Il est difficile de trouver un enfant qui ne souffre pas de rhume, d'otite, qui ne souffre pas de maux d'estomac. Dès que ce ne sont que pour un enfant d'aller dans une crèche ou un jardin d'enfants - et cela commence... Et il peut y avoir beaucoup moins de problèmes. Pour ce faire, il suffit d'arrêter de donner à l'enfant de la viande, qui empoisonne l'organisme délicat avec ses toxines! Le célèbre médecin naturopathe américain Herbert Shelton dit à ce propos: «Naturellement, ni viande, ni bouillon de viande, ni œufs ne doivent jamais être donnés à un enfant de moins de 7 à 8 ans. A cet âge, il n'a toujours pas la force de neutraliser les toxines ".

Si quelqu'un vous dit que la viande est essentielle pour les enfants et les femmes enceintes, encouragez-la simplement à lire le guide des jeunes parents le plus vendu au niveau international, Child and Child Care. Dans ce livre, le Dr Benjamin Spock, reconnu comme le meilleur spécialiste de la santé infantile au monde, demande à tous les parents, même s'ils ne sont pas végétariens, de ne pas donner de viande à leurs enfants, au moins jusqu'à l'âge de 5 à 7 ans..

Les enfants végétariens se développent non seulement mieux intellectuellement et physiquement, mais ils sont aussi beaucoup moins sujets au stress..

Beaucoup de mes connaissances sont végétariennes depuis la naissance, et ni eux-mêmes ni leurs enfants n'ont jamais eu de problèmes d'hémoglobine, car ils donnent régulièrement à leurs enfants du sarrasin et des lentilles, dans lesquels il y a beaucoup plus de fer digeste que de viande. Après tout, tout le sous-continent indien élève d'excellents enfants avec un régime laitier et végétal seul depuis des millénaires d'excellente santé et grâce. Les végétariens donnent toujours naissance à des enfants très sains et forts. Les médecins notent constamment leur bon et rapide développement. La viande n'a jamais été nécessaire pour les enfants ou les adultes, contrairement au lait de vache.
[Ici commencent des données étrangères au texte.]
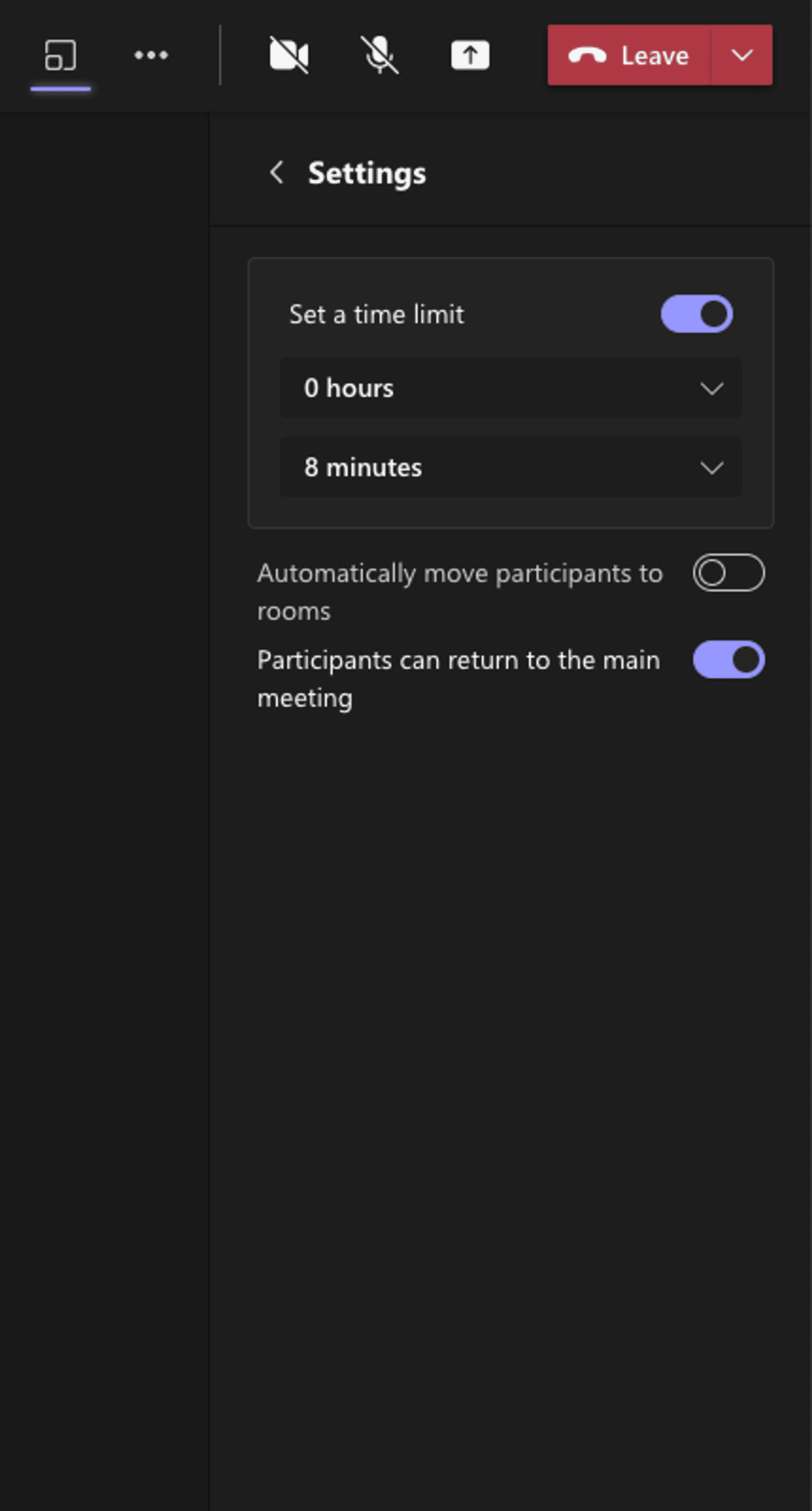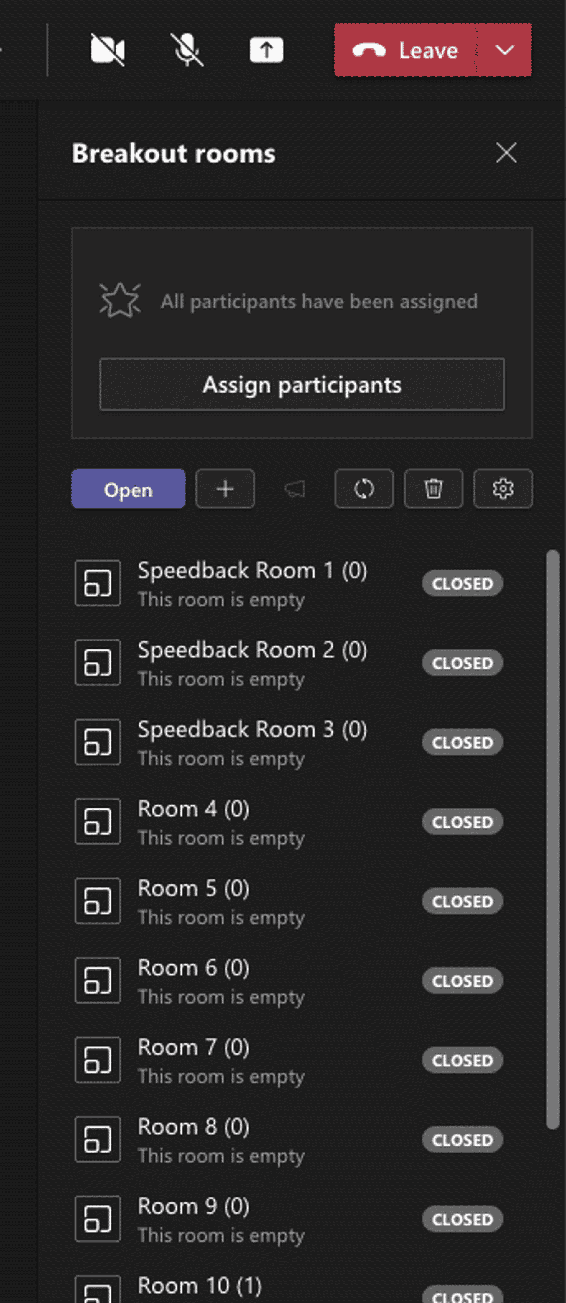 - Agree a suitable duration for each round. I found five minutes too short and 10 minutes quite loose — eight minutes seemed about right. MS Teams has a setting for enforcing this with a countdown timer in each breakout room.

La transition vers une alimentation végétarienne saine élimine la propension à boire de l'alcool. Même le moine séraphin de Sarov a soutenu que la viande est le début d'une chaîne pécheresse: viande-alcool-fornication. Vous ne verrez jamais un ivrogne - un végétarien, car dans la nature, ils n'existent tout simplement pas. Les gens commandent des boissons alcoolisées dans les restaurants uniquement pour la viande, personne ne penserait jamais à boire de la bouillie de semoule, un sandwich au fromage ou une salade de fruits avec du vin..

Comme on dit, buvez, enfants, lait - vous serez en bonne santé!

Meilleurs voeux!

Une fois que vous avez lu jusqu'au bout, une alimentation saine est l'une de vos principales priorités. Je peux vous féliciter pour le bon chemin vers la santé et la longévité. Eh bien, si vous n'avez pas surveillé de près la nutrition correcte, le premier indicateur sera la santé de vos dents et ici la dentisterie Kiev vous aidera, puis bien manger et il n'y aura pas de problèmes.